Living in a physical body is tough. There always seems to be problems: my knees hurt...I'm hungry...I need to take a shower...I feel sick...I have to do the dishes...situations like that, all of which take time and effort. Sometimes I feel so tired, all I want to do is stay in bed. The weakness in my body seems to reflect the weakness I feel in my soul. The strength of my will isn't enough.
Should I rest, then? Is that a waste of time when I could be drawing, writing, exercising, or socializing? Will I ever be able to rest without guilt?
The body can be like an obstacle. Riddled with various problems like a complex machine...how can I accomplish anything if I'm too tired to function? Though I didn't go to bed particularly late last night, I slept until almost noon. Maybe I just needed the sleep, but I feel off today.

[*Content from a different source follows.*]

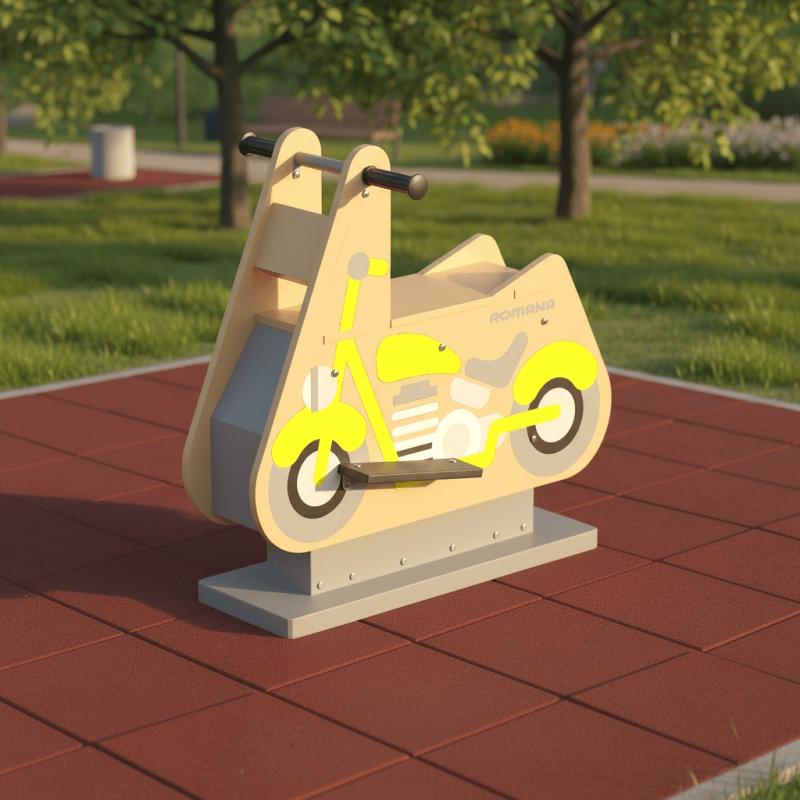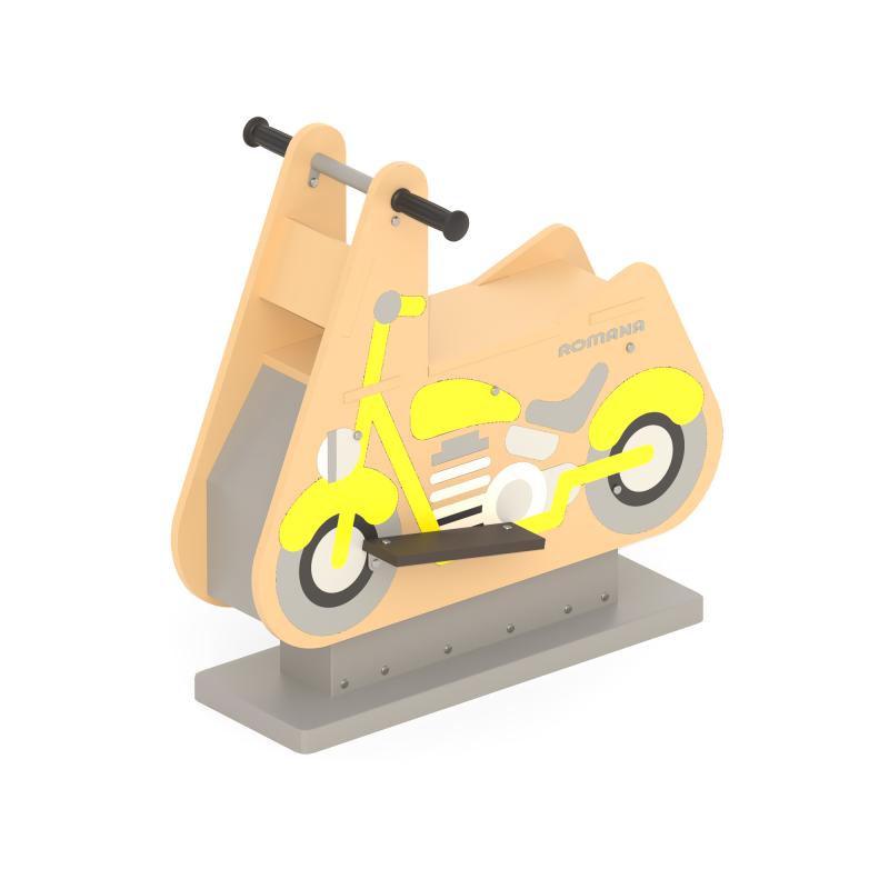 Качалка для тематических игр, предназначена для детей в возрасте от 2 лет. На фигурную вставку при помощи УФ-печати нанесено изображение в тематике «мотоцикл».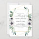 Flores de eucalipto y adormidera en tonos pastel invitan a la boda con marco geométrico dorado y tipografía elegante de escritura a mano.

While falling asleep, I believe an evil spirit tormented me; I kept waking up full of fear, with horrible, violent thoughts entering my mind. Then I told the spirit to leave in the name of Jesus, and I felt it depart. After the presence left the room I felt peaceful. The thoughts went away, and I quickly fell asleep.
Being half asleep seems to sharpen my ability to sense spirits.
Once I heard that we shouldn't directly fight against demons because then we become vulnerable to attacks. Though I didn't trust the pastor I heard that from, perhaps there is some truth to what he said. Then again, even Satan speaks the truth sometimes...albeit in a twisted way, which is no different from lying.
Yet I have noticed that after I cast out demons or break curses and strongholds, I'm met with backlash that can be quite frightening. Maybe I'm in over my head....The scary, violent thoughts started after breaking generational curses.
Does the backlash mean I shouldn't break the curses, though? The alternative is accepting the curses, so I don't think so. Christ is stronger than any demonic power, and He shall protect me.